Directions: Everything from the line holding "Kreisverwaltung Donnersbergkreis, an." through the final line of the entries below is to be written out exactly, and nothing more; leave out pictures.

Entries supplied:
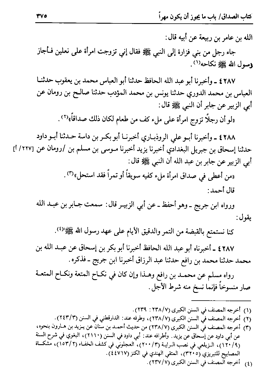 4287 - وأخبرنا أبو عبد الله الحافظ حدثنا أبو العباس محمد بن يعقوب حدثنا العباس بن محمد الدوري حدثنا يونس بن محمد المؤدب حدثنا صالح بن رومان عن أبي الزبير عن جابر أن النبي صلى الله عليه وسلم قال لو أن رجلاً تزوج امرأة على ملء كف من طعام لكان ذلك صداقاً.
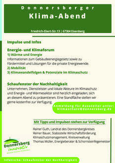 „Beim Donnersberger Klima-Abend in Eisenberg wollen wir diese und weitere Fragen erörtern, Lösungsmöglichkeiten aufgreifen und den Blick perspektivisch auf die zukünftige Energie- und Wärmeversorgung richten“, kündigt Reiner Bauer, Leiter der Stabsstelle Wirtschaftsförderung, Standortentwicklung und Klimaschutz der Kreisverwaltung Donnersbergkreis, an.
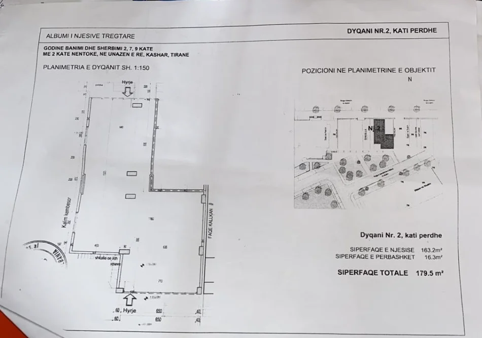 Ofrohet për qira një ambient komercial me sipërfaqe totale 179.5 m² (163.2 m² neto), i pozicionuar
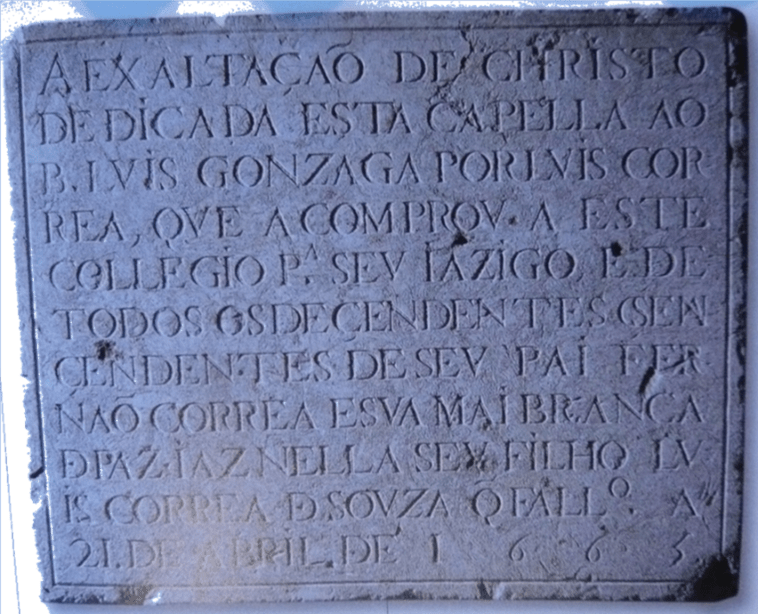 [Á EXALTAÇÃO DE CHRISTO/ DEDICADA ESTA CAPELA AO/ B. LUVIS GONZAGA POR LUIS COR/ REIA Q.DO A COMPRO A ESTE/ COLLEGIO PARA SEV JAZIGO E DE/ TODOS OS DESCENDENTES E AS/ CENDENTES DE SEV PAI FER/ NÃO CORREIA E SVA MAI BRANCA/ DA PAZ E IAZ NELLA SEV FILHO LV/ IS CORREIA DE SOVSA Q. FALECEV A/ 21 DE ABRIL DE 1665][10].
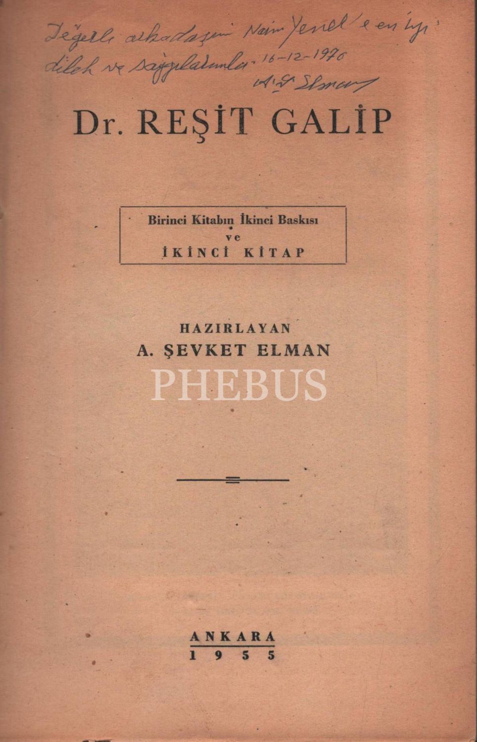 DR. REŞİT GALİP, A. Şevket Elman, 1955, Türkiye Matbaacılık ve Gazetecilik A. O., 438 sayfa, 17x24 cm, İTHAFLI VE İMZALI...
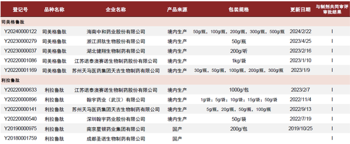 国内GLP-1原料药申报公司数量不超过10家。截至2024年7月,CDE(国家药品监督管理局药品审评中心)司美格鲁肽原料药登记数量为5家,利拉鲁肽为6家。其中,诺泰生物、翰宇药业2个品种均有登记。从包装规格看,诺泰生物量级最大,单规格达吨级,显示出规模化生产优势。
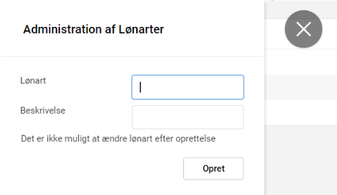 Når der trykkes på Opret får du mulighed for at oprette den enkelte lønart:

Result for this task:
 „Beim Donnersberger Klima-Abend in Eisenberg wollen wir diese und weitere Fragen erörtern, Lösungsmöglichkeiten aufgreifen und den Blick perspektivisch auf die zukünftige Energie- und Wärmeversorgung richten“, kündigt Reiner Bauer, Leiter der Stabsstelle Wirtschaftsförderung, Standortentwicklung und Klimaschutz der Kreisverwaltung Donnersbergkreis, an.
 Ofrohet për qira një ambient komercial me sipërfaqe totale 179.5 m² (163.2 m² neto), i pozicionuar
 [Á EXALTAÇÃO DE CHRISTO/ DEDICADA ESTA CAPELA AO/ B. LUVIS GONZAGA POR LUIS COR/ REIA Q.DO A COMPRO A ESTE/ COLLEGIO PARA SEV JAZIGO E DE/ TODOS OS DESCENDENTES E AS/ CENDENTES DE SEV PAI FER/ NÃO CORREIA E SVA MAI BRANCA/ DA PAZ E IAZ NELLA SEV FILHO LV/ IS CORREIA DE SOVSA Q. FALECEV A/ 21 DE ABRIL DE 1665][10].
 DR. REŞİT GALİP, A. Şevket Elman, 1955, Türkiye Matbaacılık ve Gazetecilik A. O., 438 sayfa, 17x24 cm, İTHAFLI VE İMZALI...
 国内GLP-1原料药申报公司数量不超过10家。截至2024年7月,CDE(国家药品监督管理局药品审评中心)司美格鲁肽原料药登记数量为5家,利拉鲁肽为6家。其中,诺泰生物、翰宇药业2个品种均有登记。从包装规格看,诺泰生物量级最大,单规格达吨级,显示出规模化生产优势。
 Når der trykkes på Opret får du mulighed for at oprette den enkelte lønart:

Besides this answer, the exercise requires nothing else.